Transcribe all the data below exactly, leaving its pictures out.

Information provided:
--------------------------------

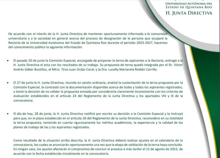 Aunque de acuerdo con el máximo órgano de gobierno de la Uqroo, una semana después, el 27 de junio, los integrantes se reunieron para valorar los perfiles y encontraron “claras inconsistencias con los criterios de evaluación”.
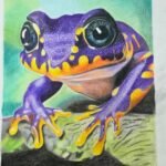 Realism and Fantasy: While the anatomy of the frog is grounded in realism, the electric color palette gives it a fantastical, “neon” quality.
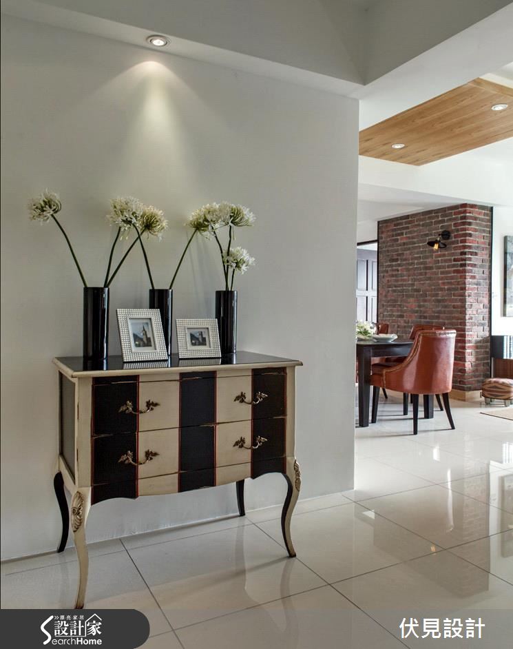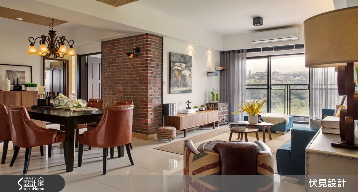 入口處陳設玄關桌,以白牆背景襯出端景的簡約本質,搭配照片、植栽與燈光的點綴,凝造優雅的居家印象;公領域則給予通透明亮的採光條件,藉由開放格局的推演,讓光自由流動於每個角落,且藉由充滿異國風情的軟件鋪排,融入質樸木色與馬卡龍糖果色彩,賦予空間繽紛情境,立面則鋪陳壁紙或以紅磚堆砌,帶出復古結合摩登的豐富層次;餐區採以紅磚牆作為轉折界定,於壁面嵌上一盞壁燈,予人異國街景的美好想像,並陳列細緻的皮質餐椅,與磚牆色調相互呼應,搭上壁燈、餐吊燈的溫柔光照,烘托出視覺的暖意;寢臥於牆面鋪陳暖色壁紙,無形中與窗外綠景對話,並巧妙將上方大樑圓弧收邊,或在牆腰做出線條延伸,讓整體的視覺比例更顯柔和舒適、不壓迫!

--------------------------------

Exercise result:
 Aunque de acuerdo con el máximo órgano de gobierno de la Uqroo, una semana después, el 27 de junio, los integrantes se reunieron para valorar los perfiles y encontraron “claras inconsistencias con los criterios de evaluación”.
 Realism and Fantasy: While the anatomy of the frog is grounded in realism, the electric color palette gives it a fantastical, “neon” quality.
 入口處陳設玄關桌,以白牆背景襯出端景的簡約本質,搭配照片、植栽與燈光的點綴,凝造優雅的居家印象;公領域則給予通透明亮的採光條件,藉由開放格局的推演,讓光自由流動於每個角落,且藉由充滿異國風情的軟件鋪排,融入質樸木色與馬卡龍糖果色彩,賦予空間繽紛情境,立面則鋪陳壁紙或以紅磚堆砌,帶出復古結合摩登的豐富層次;餐區採以紅磚牆作為轉折界定,於壁面嵌上一盞壁燈,予人異國街景的美好想像,並陳列細緻的皮質餐椅,與磚牆色調相互呼應,搭上壁燈、餐吊燈的溫柔光照,烘托出視覺的暖意;寢臥於牆面鋪陳暖色壁紙,無形中與窗外綠景對話,並巧妙將上方大樑圓弧收邊,或在牆腰做出線條延伸,讓整體的視覺比例更顯柔和舒適、不壓迫!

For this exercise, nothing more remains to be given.